この学園において、東御手洗清司郎の名前を知らない者はいない。彼は才色兼備という言葉通りの綺麗な見た目と、14歳にして海外の大学院を卒業したほどの頭脳の持ち主だ。
 何故日本の中学校にいるのかは分からないけれど、きっと「同世代の人間と親交を深め社会性を養いなさい」みたいな、家庭の教えがある……のかもしれない。

 その彼が、学校の廊下でうずくまっている。
 夕暮れ時の、誰もいなくなった教室で私は委員会で使うプリントをまとめていた。
 その時、廊下から物音がして、覗いてみると東御手洗くんがいたのだ。

「だ、大丈夫?」

 東御手洗くんとは違うクラスの顔見知り程度でほとんど話したことはなかったけれど、勇気を出して声をかけてみる。彼はゆっくりと振り返り、私を見た。眉毛をひそませ、どうしてか涙目だった。

「い、いや。失敬。少し、よろめいた、だけだよ……」
「具合悪いの? 立てる?」

 歩み寄り、手を差し出そうとしたところで、冊子を作るために、ポケットに入れていたままだったホッチキスが弾みで落ちる。ガタン! リノリウムの廊下に、金属のぶつかる音が響いた。

「ひ、っ!?」
「あ、ごめん」

 過剰に驚きすぎだ。そういった態度を取られると、こちらがとてつもなく悪いことをしてしまったような気がする。

「おど、驚かせないでくれたまえ!」
「そんなつもりじゃなかったけど……」

 何があったの、と私は尋ねる。具合が悪かったのかと思っていたけれど、何か訳があるのかもしれない。
 東御手洗くんは壁に手を付き、よろよろと立ち上がりながら私に向き直る。表情は暗いものだけれど、さすが女子生徒に噂されるだけあって美形だった。

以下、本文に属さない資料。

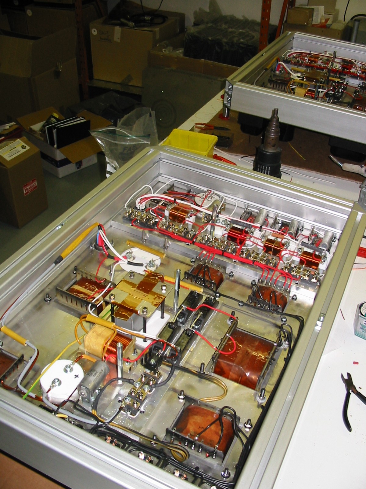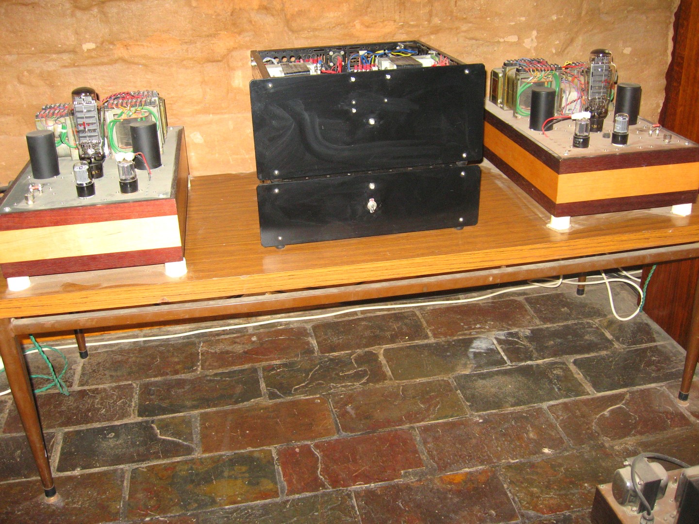 The bass are assumed by two Mullard 5-20 like PP KT88 mono blocks, made with the same aesthetic, delivering a punchy 30W (measured). The PP KT88 is absolutely hum free, and it is not possible to ear if it is running or not even with the head inside the boomer. I’m electronic engineer in military aerospace, and the CEM protection is not a secret for me. With the new tubes, the SE300B hum and HF noises are not audible with the head more than 10cm from the middle horn. I’m using a DSP as pre-amplifier, digital room correction & cross over (numeric parts of MINI-DSP 2X4HD+ 4 X PCM1794A Dac with hand made low noise power supply).

「さ、さっき天ノ河くんが先生に連れられて行くのを見たんだよ……」
「え? うん」

 東御手洗くんは窓を指指す。倉庫と校舎を繋ぐ道だった。天ノ河くん、という人は私は知らないけれど、先生と歩いているのを目撃しただけでこんな様子になるのはやはり不自然だ。そう考えていると、私は一つのことを思い出す。

「あのー、もしかして……あの事件気にしてるの?」

 それは、謎の口縫男の噂。口縫男に出会った人は時間を奪われ、意識不明となってしまう。そんな、非現実的な話。私も嘘だと思っていたけれど、昨日、突然倒れて入院してしまった子がいた。同学年の子だった。
 私があの事件、と言うと東御手洗くんはまた顔を強張らせる。

「ば、ばかな! キミはまさか本当にあの噂を信じているのかい?」
「だ、だって、たくさん流れてるよ、SNSで」

 私は怯えた様子の東御手洗くんに、デジッターの画面を見せる。たった一夜にして、地元の学生のあいだでは、もうすっかり我が学園は噂の中心となってしまっていた。

「大体、そんなの非現実的で証拠がないじゃないか、ホログラムゴーストなんて」
「……もしかして、怖いの苦手?」
「そ、そ、そんなことないだろう! 勝手な憶測はやめたまえ!」
「ふうん。まあ、そういうことでも良いけど……」

 昨日の女の子と、天ノ河くん、という人の話が本当に結び付いているのかは分からない。いくらホログラムゴーストなんて噂が立っていても、この目で見ていないものは、私は信じられなかった。
 けれど、このままずっと怯えているわけにもいかない。

「とりあえず、帰ろ。一人より、二人の方が安心でしょ」

 葉桜学院の、寮まで。私はそう言って、笑いかけた。
 私も委員会の作業はほとんど終わっていたところだし、何だか大げさな様子の東御手洗くんをこのままにはしておけなかった。

「わ、わかった……。どうしてそんなに冷静なのか信じられないよ」

 あなたの態度を見ていると冷めてきただけだよ、とは言わないでおく。
 東御手洗くんは包帯を巻いている手を口元に当て、咳払いをした。

「言っておくけれど、僕は怖いわけじゃ、ないから!? 君みたいな女の子一人で帰るのは、危ないから、な!」
「はいはい、よろしくお願いします」

 私は荷物をまとめ、東御手洗くんの隣を歩き始める。
 事件の噂はともあれ、あの東御手洗くんの、皆が知らないであろう一面を垣間見ることができて、私は少し嬉しかったのだった。